O jurista observa ainda que, como se sabe, o Estado italiano está apelando frequentemente e o processo de segundo grau pode demorar até três anos. Durante este período de tempo, quem ganhou o caso na primeira instância fica “sem documentos italianos” e portanto “sem direitos relacionados à cidadania italiana” justamente porque muitos municípios não executam a sentença sem a prova da definitividade da sentença de primeiro grau”.

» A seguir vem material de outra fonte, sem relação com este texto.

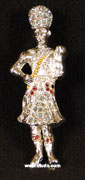 Highlanders drum major tassel holder is silver-tone and has clear, red, and yellow rhinestones. There is two clutch back pins to secure the tassel holder to a fez.

Mellone, que é PhD pelas Universidades de Bologna e Strasburgo, disse ainda que “nunca concordei com esta atitude dos municípios e do Ministério do Interior porque, pela lei italiana, a sentença que reconhece a cidadania italiana é imediatamente executiva (independentemente do recurso do Estado)”. Além disso, acrescenta que “o Tribunal de Roma, quando reconhece a cidadania italiana manda o município transcrever os documentos dos interessados e o município deve cumprir com essa ordem”.

Para o jurista, “afortunadamente, o Tribunal de Genova (e também o Público Ministério concordou) reprovou a tese dos municípios e do Ministério do Interior e estabeleceu de forma claríssima que:

• as sentenças de cidadania italiana por direito de sangue são imediatamente executivas sem necessidade de aguardar o transito em julgado;

• a decisão do ‘Comune’ de negar a transcrição nos registros cíveis é ilegítima e pode provocar um prejuízo a quem foi reconhecido cidadão italiano. De fato, foi o que aconteceu com uma minha cliente que foi reconhecida cidadã italiana, mas que perdeu uma oferta de trabalho importante (pela qual era necessário o passaporte italiano) por causa da decisão do município de não transcrever sem o trânsito em julgado.

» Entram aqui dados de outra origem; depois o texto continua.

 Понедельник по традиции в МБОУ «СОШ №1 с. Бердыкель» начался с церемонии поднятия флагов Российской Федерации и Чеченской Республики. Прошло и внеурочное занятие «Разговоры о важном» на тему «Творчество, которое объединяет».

• Mandou para o município transcrever imediatamente os documentos nos registro cíveis, sem o transito em julgado”.

Segundo Mellone, a decisão do Tribunal de Gênova não foi apelada e o ‘Comune’ de Gênova transcreveu depois os documentos sem trânsito em julgado. Ele conclui: “Portanto, os que foram reconhecidos cidadãos italianos pelo Tribunal de primeira instância poderão utilizar este importante precedente jurisprudencial para obter imediatamente a transcrição dos documentos nos registros cíveis italianos (e, portanto, depois, o passaporte), sem necessidade de aguardar o trânsito em julgado (principalmente se a sentença for apelada, a definitividade pode chegar somente vários anos depois)”.